DDLS.colon <- trainDDLSModel(object = DDLS.colon, verbose = FALSE)
##
1/79 [..............................] - ETA: 3s - loss: 0.1169 - accuracy: 0.7500 - mean_absolute_error: 0.0116 - categorical_accuracy: 0.7500
79/79 [==============================] - 0s 500us/step - loss: 0.1221 - accuracy: 0.7056 - mean_absolute_error: 0.0133 - categorical_accuracy: 0.7056
##
79/79 [==============================] - 0s 503us/step - loss: 0.1221 - accuracy: 0.7056 - mean_absolute_error: 0.0133 - categorical_accuracy: 0.7056
Once the model is trained, we can explore how well the model behaves on test samples. This step is critical because it allows us to assess if digitalDLSorteR is actually understanding the signals coming from each cell type or if on the contrary there are cell types being ignored.
DDLS.colon <- calculateEvalMetrics(object = DDLS.colon)

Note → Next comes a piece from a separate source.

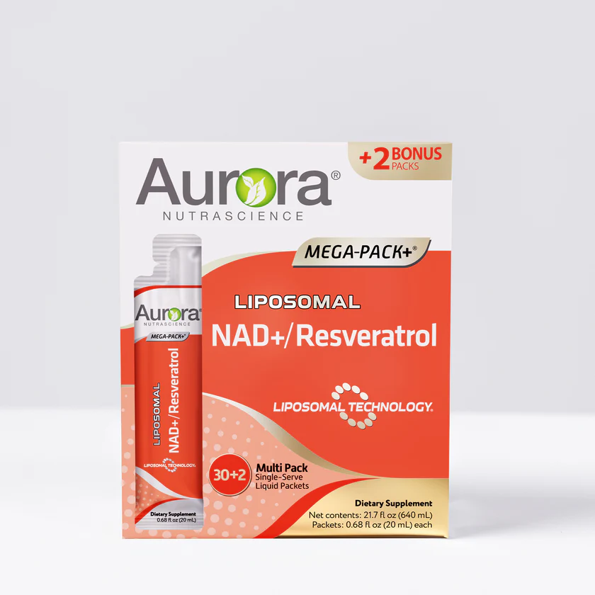Our Liposomal NAD/Resveratrol from Aurora NutraSciences is created from all natural phosphatidylcholine nutrient-filled liposome nanospheres delivery system made from NON-GMO Soy Lecithin. These liposomes encapsulate and protect the NAD/Resveratrol+ molecules that help facilitate a more efficient transition through the digestive system and are absorbed more readily into the bloodstream.

digitalDLSorteR implements different functions to visualize the results and explore potential biases on the models. For this tutorial, we will check the correlation between expected and predicted proportions, but for a more detailed explanation about other visualization functions, check the Documentation.
corrExpPredPlot(
DDLS.colon,
color.by = "CellType",
facet.by = "CellType",
corr = "both",
size.point = 0.5
)
## `geom_smooth()` using formula = 'y ~ x'
plot of chunk corr1_realModelWorkflow
As it can be seen, the model is accurately predicting the cell proportions of pseudobulk samples from the test data, which means that it is detecting differential signals for each cell type.
Now, to show its performance on real data, we are going to
deconvolute the samples from the TCGA project (Koboldt et al. 2012; Ciriello et al. 2015)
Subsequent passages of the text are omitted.